The multispectral instrument (MSI) carried by Sentinel-2A has 13 spectral bands with various spatial resolutions (i.e., four 10-m, six 20-m, and three 60-m bands). A wide range of applications requires a 10-m resolution for all spectral bands, including the 20- and 60-m bands. To achieve this requirement, previous studies used conventional pansharpening techniques, which require a simulated 10-m panchromatic (PAN) band from four 10-m bands [blue, green, red, and near infrared (NIR)]. The simulated PAN band may not have all the information from the original four bands and may have no spectral response function that overlaps the 20- or 60-m bands to be sharpened, which may degrade fusion quality. This paper presents a machine learning method that can directly use the information from multiple 10-m resolution bands for fusion. The method first learns the spectral relationship between the 20- or 60-m band to be sharpened and the selected 10-m bands degraded to 20 or 60 m using the support vector regression (SVR) model.
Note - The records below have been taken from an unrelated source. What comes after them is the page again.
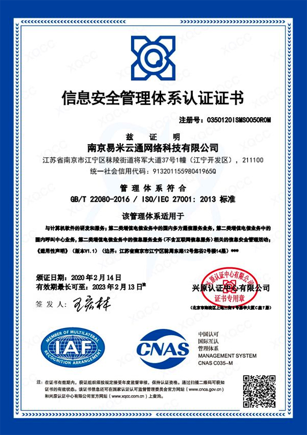 近日,易米云通ISO27001信息安全管理體系認證證書獲得審批。未來,易米云通愿用更加先進高效的AI智能語音技術產品和服務,在抗擊疫情的關鍵時期,為更多政府機構提供快速響應和鼎力支持。
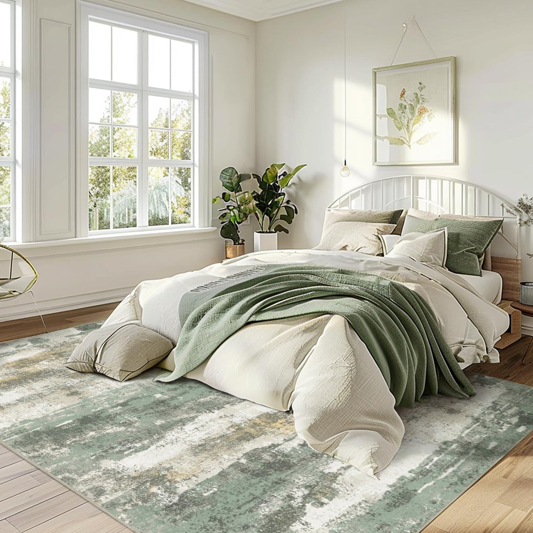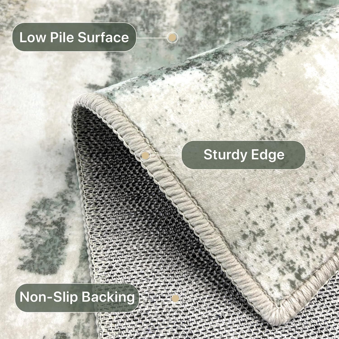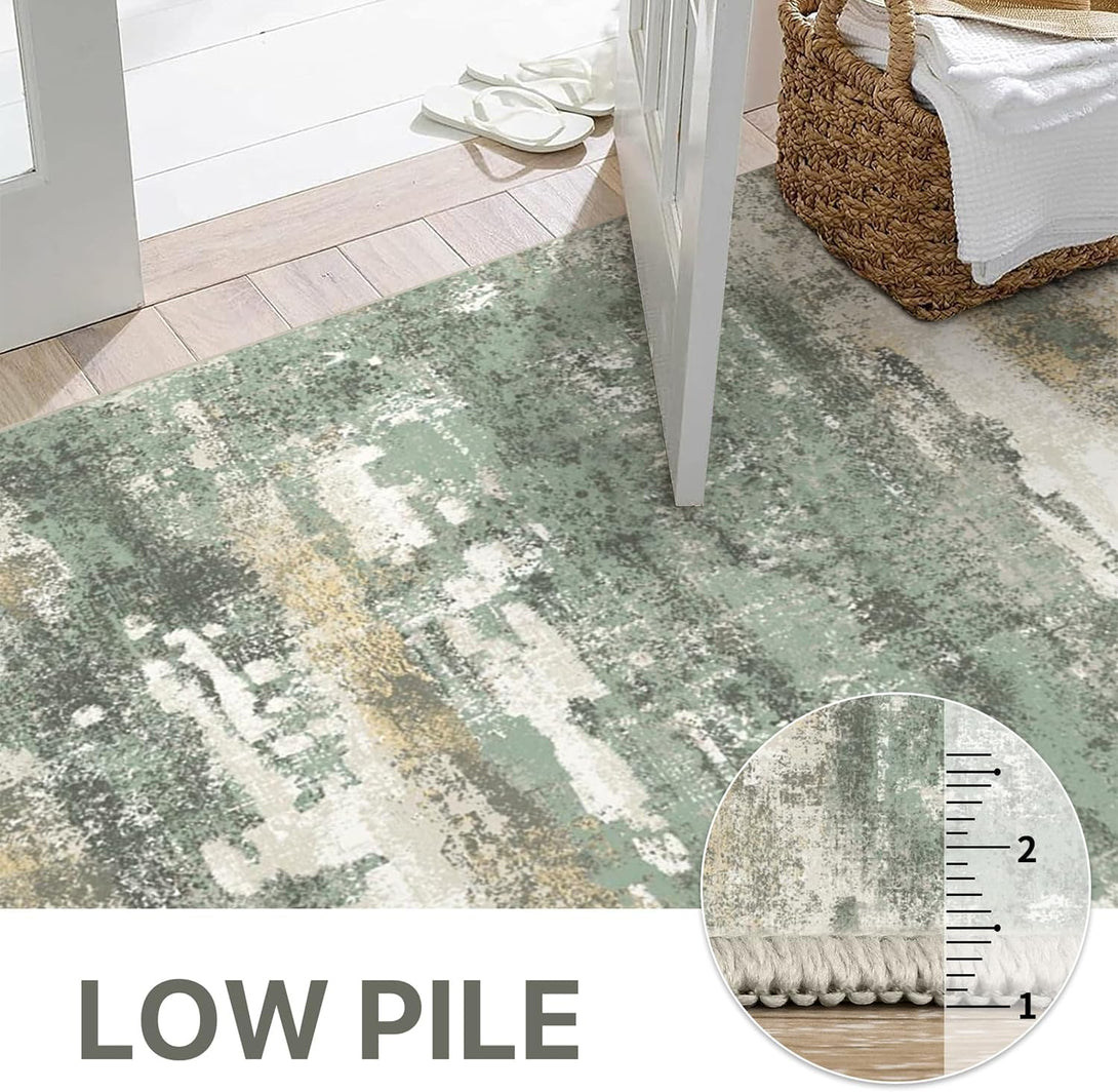 - Tender Touch: Experience the ultimate in luxury with our low-pile polyester modern 5x7 area rug, providing a cozy cushioned surface that eliminates the need for extra padding. This soft light green and cream abstract rug insulates your floors, creating a warm and inviting atmosphere in your living room, bedroom, dining room
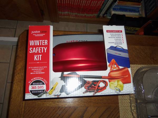 New in original box. Winter safety kit. Includes storage case, booster cables, reflective triangle, flashlight, tow strap, 3-piece aluminum shovel, flashlight, blanket, pair of work gloves, roadside...
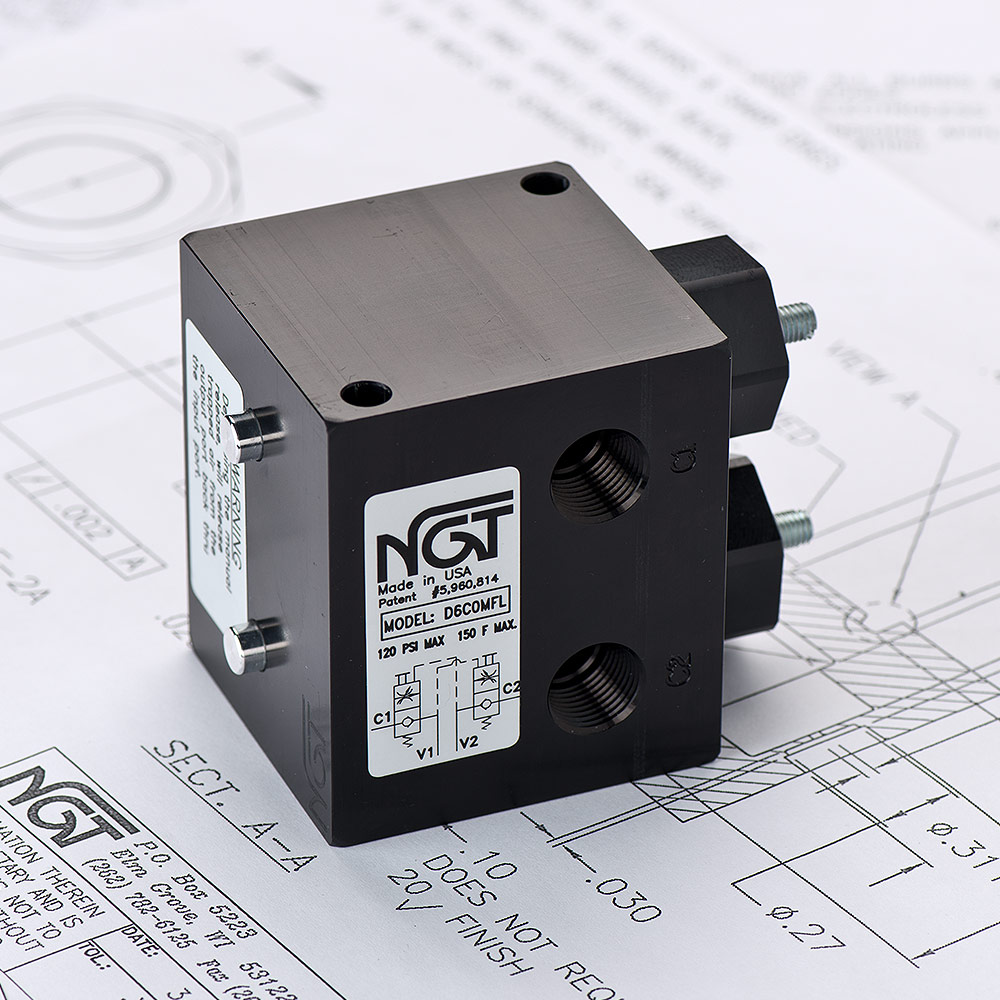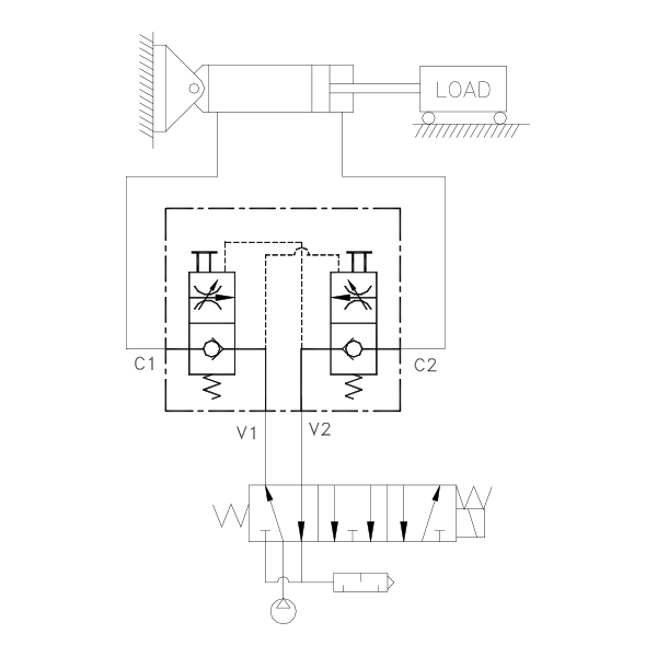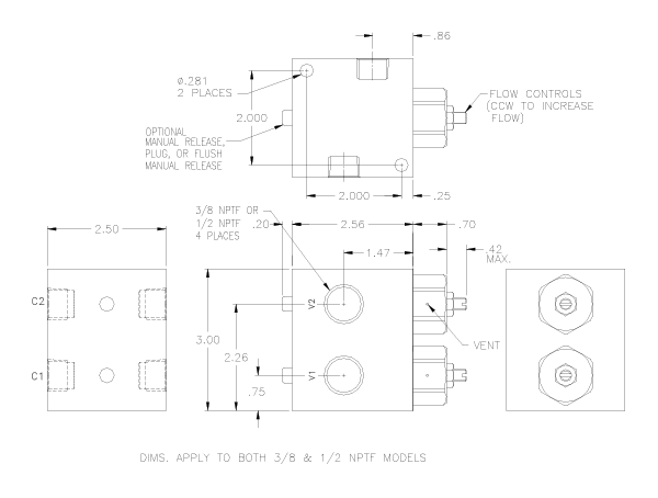In the event of a pressure loss this unique valve maintains cylinder position by locking air in both cylinder ports. The internal flow controls meter air out of the cylinder. A manual release is available to release trapped air from both ports independently.
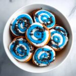 Cookie Monster Cinnamon Rolls are a fun and delicious twist on classic cinnamon rolls, featuring a vibrant blue dough and a cookie-studded filling. These sweet rolls combine the flavors of cinnamon, brown sugar, chocolate sandwich cookies, and mini chocolate chips, topped with a creamy cream cheese icing and extra cookie crumbles for a delightful treat.
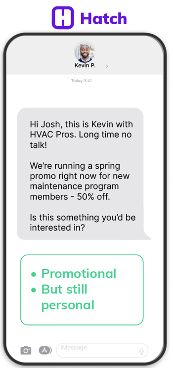 You can use Hatch for promo texts and marketing, and on top of that, you can make them more personalized and one-to-one.

The model is then applied to the selected 10-m bands to predict the 10-m-resolution version of the 20- or 60-m band. The image degradation process was tuned to closely match the Sentinel-2A MSI modulation transfer function (MTF). We applied our method to three data sets in Guangzhou, China, New South Wales, Australia, and St. Louis, USA, and achieved better fusion results than other commonly used pansharpening methods in terms of both visual and quantitative factors.